### [What the task asks]
From the records below, transcribe only the lines running from the one with "Drevená narodeninová torta" through the one with "La prima oprire". Keep both of those end lines.

### [Data for processing]
= = =

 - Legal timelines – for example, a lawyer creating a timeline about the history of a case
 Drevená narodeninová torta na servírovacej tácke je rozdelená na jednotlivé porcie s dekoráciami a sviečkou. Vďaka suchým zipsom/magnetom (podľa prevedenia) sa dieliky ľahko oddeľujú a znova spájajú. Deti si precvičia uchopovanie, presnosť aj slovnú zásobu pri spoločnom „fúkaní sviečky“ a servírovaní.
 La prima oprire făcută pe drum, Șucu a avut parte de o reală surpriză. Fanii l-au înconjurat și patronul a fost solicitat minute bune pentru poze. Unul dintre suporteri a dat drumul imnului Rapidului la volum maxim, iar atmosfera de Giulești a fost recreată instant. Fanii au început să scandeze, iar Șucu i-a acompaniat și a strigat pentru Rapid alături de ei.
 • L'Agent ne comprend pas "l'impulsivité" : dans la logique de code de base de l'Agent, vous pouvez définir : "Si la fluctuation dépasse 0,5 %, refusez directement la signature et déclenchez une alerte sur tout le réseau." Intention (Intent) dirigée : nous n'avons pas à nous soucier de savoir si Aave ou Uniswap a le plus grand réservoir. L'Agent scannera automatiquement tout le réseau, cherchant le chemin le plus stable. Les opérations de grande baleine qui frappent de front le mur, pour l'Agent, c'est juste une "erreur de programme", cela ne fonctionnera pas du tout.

= = =

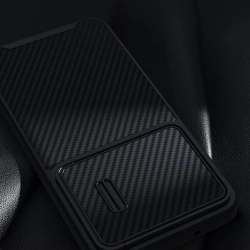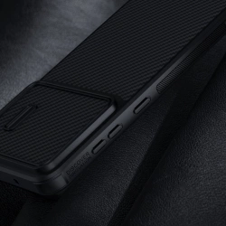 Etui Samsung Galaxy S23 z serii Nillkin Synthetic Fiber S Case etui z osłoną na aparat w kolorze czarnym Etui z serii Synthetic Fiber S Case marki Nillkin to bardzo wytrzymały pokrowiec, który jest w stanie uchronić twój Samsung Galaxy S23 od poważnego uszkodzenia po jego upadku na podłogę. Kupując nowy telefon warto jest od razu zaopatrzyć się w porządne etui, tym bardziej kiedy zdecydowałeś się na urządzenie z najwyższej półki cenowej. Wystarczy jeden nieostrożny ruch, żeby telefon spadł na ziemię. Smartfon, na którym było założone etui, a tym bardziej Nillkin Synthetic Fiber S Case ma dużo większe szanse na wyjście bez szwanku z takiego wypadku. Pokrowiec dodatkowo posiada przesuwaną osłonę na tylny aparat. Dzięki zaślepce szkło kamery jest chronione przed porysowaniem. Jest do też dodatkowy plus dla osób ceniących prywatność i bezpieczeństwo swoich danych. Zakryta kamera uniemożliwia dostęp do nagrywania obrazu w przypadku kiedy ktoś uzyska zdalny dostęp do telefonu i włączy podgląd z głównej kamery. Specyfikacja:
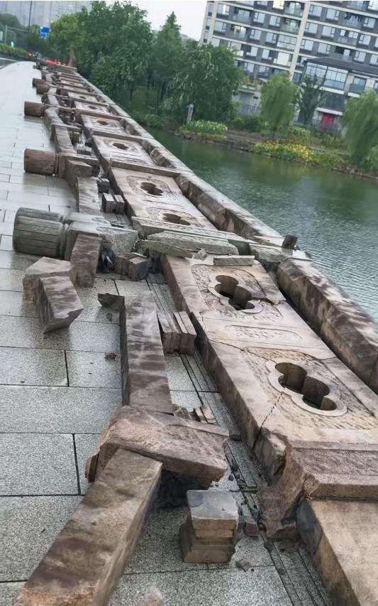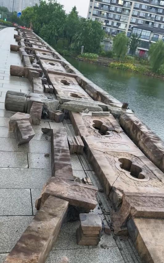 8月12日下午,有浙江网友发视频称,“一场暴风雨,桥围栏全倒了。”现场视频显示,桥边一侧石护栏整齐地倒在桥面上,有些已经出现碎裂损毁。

= = =

### [Exercise answer]
 Drevená narodeninová torta na servírovacej tácke je rozdelená na jednotlivé porcie s dekoráciami a sviečkou. Vďaka suchým zipsom/magnetom (podľa prevedenia) sa dieliky ľahko oddeľujú a znova spájajú. Deti si precvičia uchopovanie, presnosť aj slovnú zásobu pri spoločnom „fúkaní sviečky“ a servírovaní.
 La prima oprire făcută pe drum, Șucu a avut parte de o reală surpriză. Fanii l-au înconjurat și patronul a fost solicitat minute bune pentru poze. Unul dintre suporteri a dat drumul imnului Rapidului la volum maxim, iar atmosfera de Giulești a fost recreată instant. Fanii au început să scandeze, iar Șucu i-a acompaniat și a strigat pentru Rapid alături de ei.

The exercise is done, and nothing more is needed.